PASSENGER READING LIGHT INTEGRATED IN PSU/EMERGENCY OXYGEN DEVICE

Abstract

The invention relates to a passenger service unit for passenger of an aircraft, comprising an emergency oxygen device comprising an oxygen source, a control unit and means for delivering oxygen from the oxygen source to a passenger, an emergency energy storage unit connected to the emergency oxygen device for providing energy to start and/or control oxygen supply in case of an emergency situation, wherein a light source connected to the emergency energy storage unit and an emergency light control unit adapted to activate said light source at the time the emergency oxygen device has been activated.

Description

BACKGROUND

The invention relates to a Passenger service unit for passenger of an aircraft, comprising an emergency oxygen device comprising an oxygen source, a control unit and means for delivering oxygen from the oxygen source to a passenger, an emergency energy storage unit connected to the emergency oxygen device for providing energy to start and/or control oxygen supply in case of an emergency situation.
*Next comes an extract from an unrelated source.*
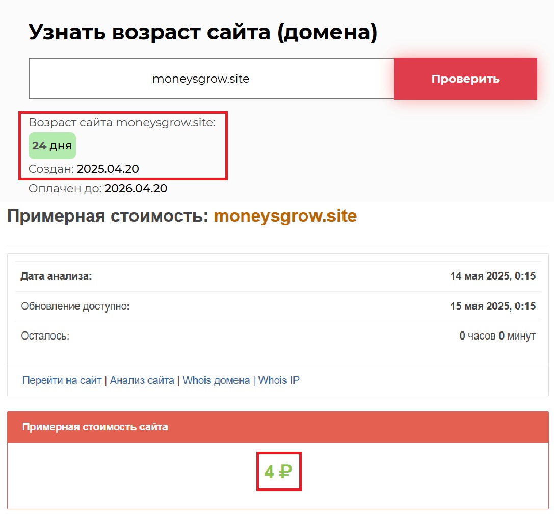 И если вы думаете, что перед вами опытная компания с годами работы — спешим вас разочаровать. Да, нам рассказывают о работе с 2020 года. Но это ничего не значит. Почему? Потому что активность проекта начинается лишь 24 дня назад, то есть с 20 апреля 2025 года, что подтверждается техническими данными. А это — максимум пара недель в строю. Неужели за такое время можно заслужить доверие инвесторов? Вряд ли.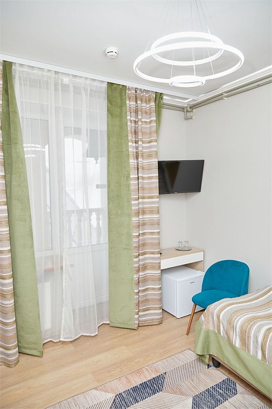 Улучшенный номер для комфортного размещения 2--3 человек. В номере расположены две односпальные кровати . Возможна установка детской кроватки. В номере также расположено кресло-кровать или диван.

Such passenger service units are usually mounted in a sealing compartment above a passenger seat in an aircraft and may comprise a single component or a number of components for being used by the passenger on board an aircraft in regular flight condition or in an emergency situation. One component which may be typically comprised in such a passenger service unit is an emergency oxygen device adapted for providing oxygen to the passenger in case of an emergency situation like a decompression situation, smoke or fire on board the aircraft or in any other situation wherein the passenger needs to be supplied with oxygen to maintain his vital functions.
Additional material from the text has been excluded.